Great explanations, thank you.
Hi .do you have the continuation of this topic of ML for unsupervised algorithms ?
Hi, Simplilearn provides online training across the world. We would be happy to help you regarding this. Please visit us at www.simplilearn.com and drop us a query and we will get back to you! Thanks!
I want dataset from where I get this??
Hello, thanks for viewing our tutorial. It would be helpful if you will provide your email ID to us so that we can send the requested dataset promptly. On the off chance that you need your email ID to be kept hidden from others, we can do that too. Hope that helps.

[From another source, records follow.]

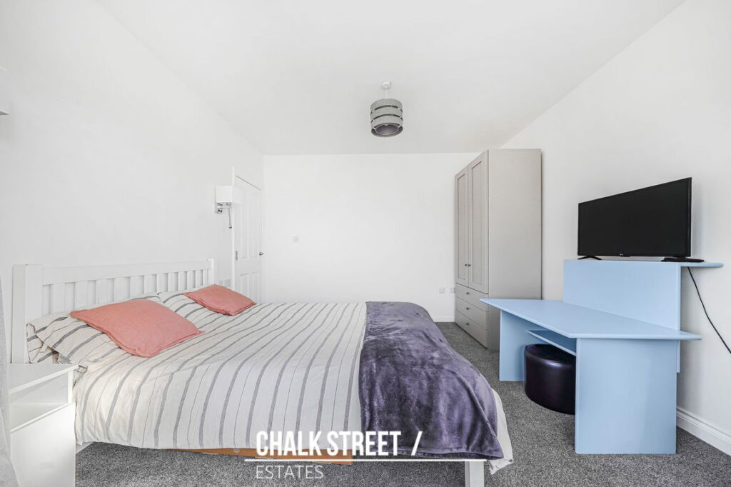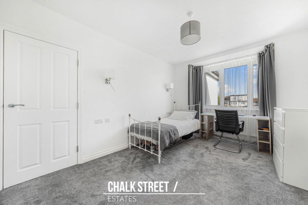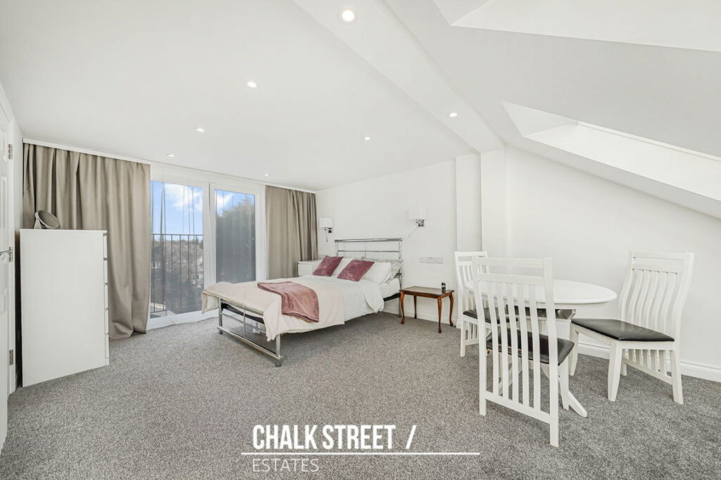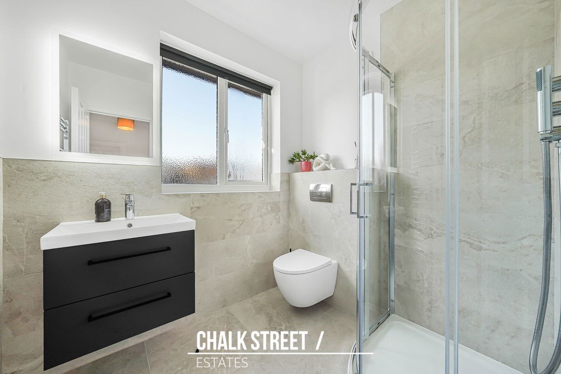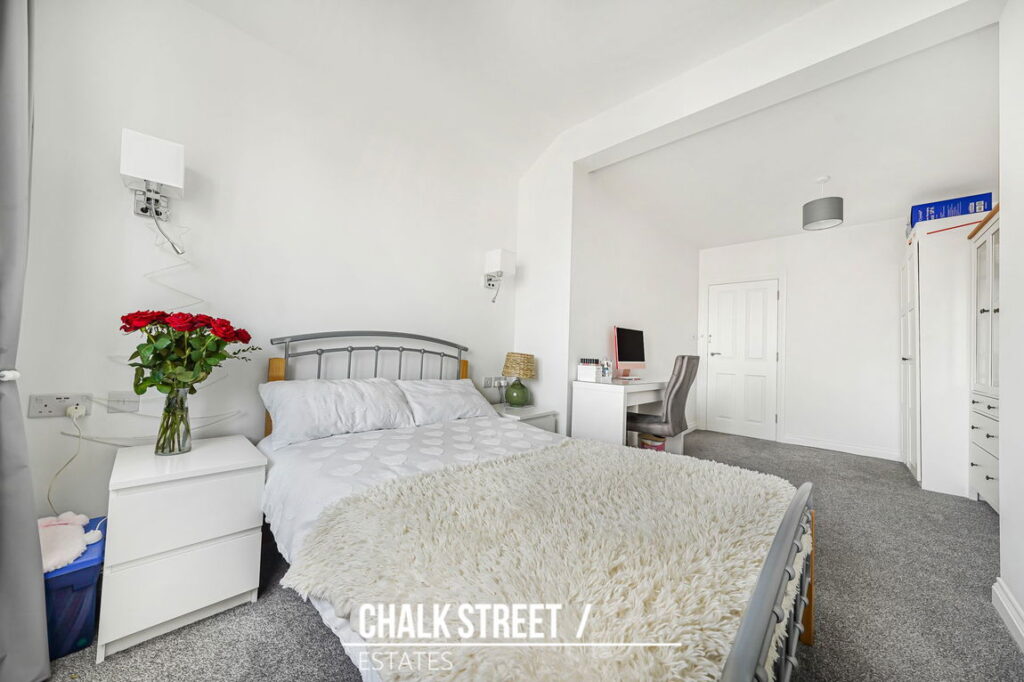 The loft has been thoughtfully converted to create an impressive master-bedroom. This spacious bedroom benefits from a Juliet balcony allowing for excellent natural light and is further complemented by a modern en-suite shower room.
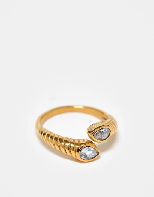 Exclusivité - Kaiia - Bague enveloppante en acier inoxydable ornée de strass - Doré
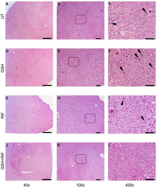 Histopathology of the livers of untreated and treated M. tb-infected db/db mice at 4 weeks post-infection/treatment. (A–C) Untreated (UT); (D–F) glutathione-treated (GSH); (G–I) rifampicin-treated (RIF); (J–L) glutathione plus rifampicin-treated (GSH+RIF). Images (A,D,G,J) are at 40× magnification; (B,E,H,K) are 100× magnification; (C,F,I,L) are 400× magnification. Arrowheads indicate pyknotic nuclei, and * refers to the hepatic veins with various levels of disorganization. The dotted rectangles in (B,E,H,K) refer to the enlarged sections shown in (C,F,I,L), respectively. The scale bar in (A,D,G,J) is 500 µm; (B,E,H,K) is 100 µm; (C,F,I,L) is 50 µm.
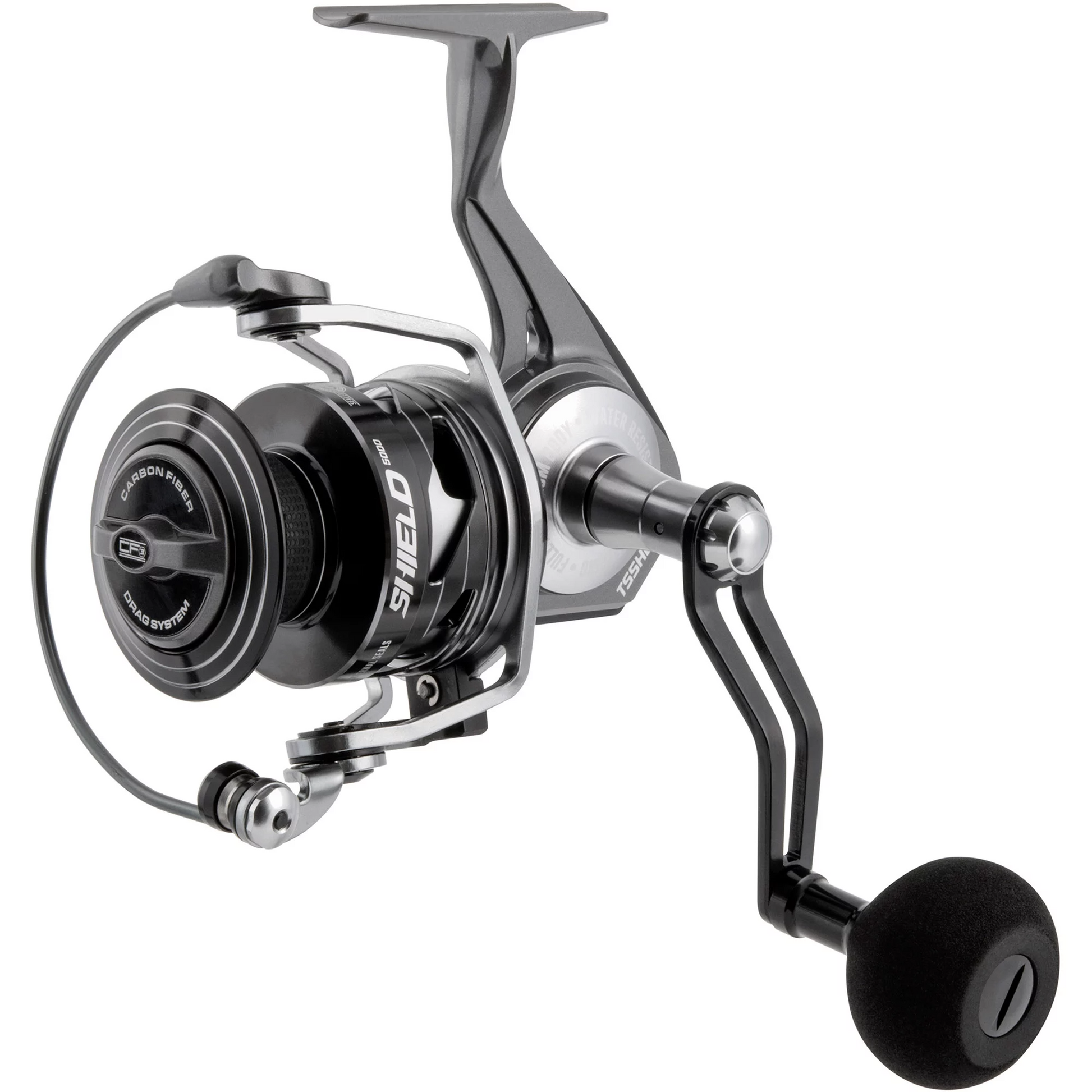The Tsunami Shield Series is salt waterproof spinning reels feature up to 13 internal seals in key, strategic locations to shield critical components from harmful saltwater intrusion. The internal seals, super smooth and strong CF3 carbon fiber drag system and 5 sealed stainless steel bearings are wrapped in a hybrid machined aluminum body combining protection, precision and toughness. The heavy-duty rotor brake controlled bail system and precision machined aluminum, braid-ready spool assure the best control of super braids cast after long cast.

Very well explained in this tutorial ,which is very helpful to learn Machine learning . Could you please share the Data sets used for all the algorithms. Thanks a lot in advance.

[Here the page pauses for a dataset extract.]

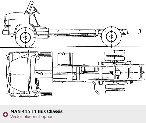 Raster blueprint of the MAN 415 L1 Bus Chassis Heavy Truck. This free downloadable image can be used for graphic projects, digital design, and 3D modeling. The file provides accurate exterior proportions of the vehicle. Body type: Heavy Truck.
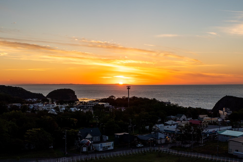 ホテルに帰って温泉に入って洗濯して部屋でサッポロクラシック飲んでたら窓からウトロの夕陽が見えてきた。今日も夕陽が美しい。

could you please send all datasets which was explained in this tutorial mohanadurga54@gmail.com
Hi Mohana, we are glad that you found our content helpful and informative. We have sent the requested dataset to your mail ID as well. Do subscribe to our channel and get our new video updates directly into your email. If you have any questions related to these videos, you can post in the comments section, we will clear your queries/doubts.
I think RMSE can be find by using "print('RMSE',np.sqrt(metrics.mean_squared_error(y_test,y_pred)))".........but you have mentioned "print('RMSE',np.sqrt(metrics.mean_absolute_error(y_test,y_pred)))" in Linear Regression session.
If I use np.sqrt(metrics.mean_squared_error(y_test,y_pred), the result is "4585.4157204675885" which is not efficient!
mean_squared_error or mean_absolute_error?
Can anyone clarify me?
You can use both Root Mean Squared Error (RMSE) and Mean Absolute Error (MAE) for calculating the efficiency of your model.
MAE will always be less than MSE. RMSE is the square root of the average of squared differences between prediction and actual observation. MAE measures the average magnitude of the errors in a set of predictions. Hope this helps!
@@SimplilearnOfficial Basically the RMSE value is 4585 and not 58. Is this value good enough? If not what needs to be done?
In the session you too sqrt(MAE) instead of sqrt(MSE).. thats what I need clarification on.
Clear explaination..
Hi Tiada, we appreciate the kind comment! enjoy!